Tuesday, September 11, 2012

Joe Thornton Autograph Card

After Jarome Iginla last week, here's another card inspired from a post inspired by The Iron Lung's attempt at getting a hard-signed autograph card from every player in the NHL's 1000-point club. This time around, former captain of the Boston Bruins (and current one of the San Jose Sharks), Joe Thornton.

I'm not a huge fan of Big Joe, but I do enjoy watching him fail at another Stanley Cup run each year, although he's making the suspense last longer of late, which isn't good for my heart pressure. I started having these feelings for Thornton when his Bruins would play my hometown Montréal Canadiens and find embarrassing ways to finish first in the division yet fall to the Habs come playoff time.

I'll give him one thing, though: he's the only player ever to have won the Art Ross trophy as points leader in the year when he was traded. At the time I was hoping this wouldn't become a trend, and I'm glad to see it didn't; I'm a purist that way, the type who didn't like when players got free agency after at most 7 seasons (then again, there are more destinations now that I wouldn't last a month in than there was when I played myself).

This card's a little weird, I'll give you that much; his last name in capitals letters, the lack of a design, and the bizarre absence of a logo make the whole thing an oddity, but that's because its manufacturer, The Score Board, didn't have a license to produce official cards, even in this uniform, Big Joe's junior team, the Sault-Ste-Marie Greyhounds. Here's the logo that was on his chest before it was airbrushed out:
Take a good, long look at that logo, which the team's fans called ''The Ugly Dog'', as it was used only for four seasons before the team reverted back to its original jersey and logo

The card is an insert, signed in blue sharpie, from the 1997-98 The Score Board collection.

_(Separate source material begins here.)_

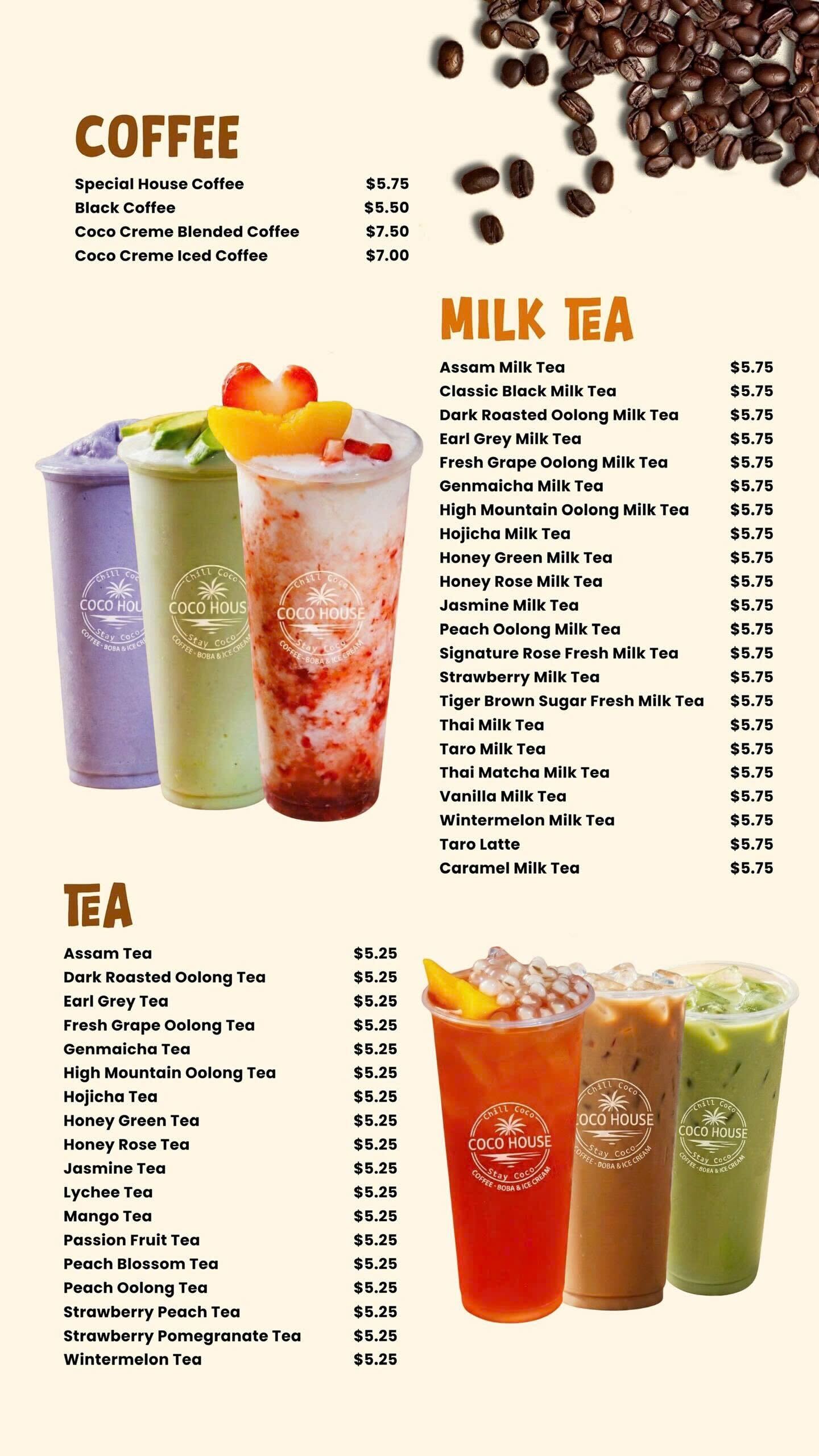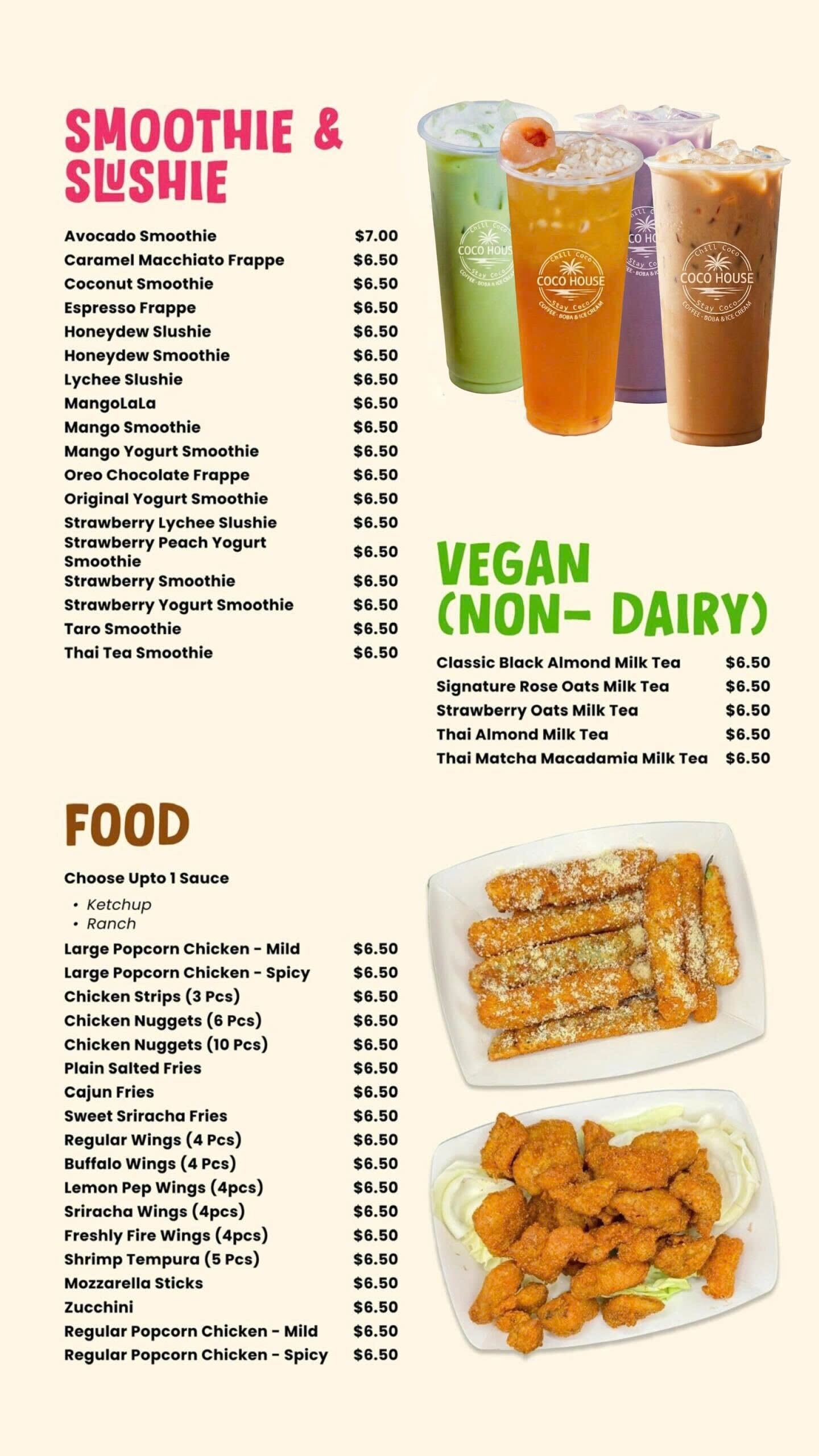 Coco House menu

The way TSB worked, essentially, was they would purchase packs of cards like you and I, from all the other manufacturers, sell the valuable cards to hobby shops and repackage the rest in new packs combining those of all brands (but inevitably more of those they got for cheaper, like Pro Set or Parkhurst), and adding signed inserts of prospects from Canadian junior leagues and American colleges to 'up' the value of their packs.

They also did end up getting licenses, mostly for NFL games and cards for movies, notably Star Trek, Star Wars, The Wizard Of Oz, and estate sets for the likes of Elvis Presley.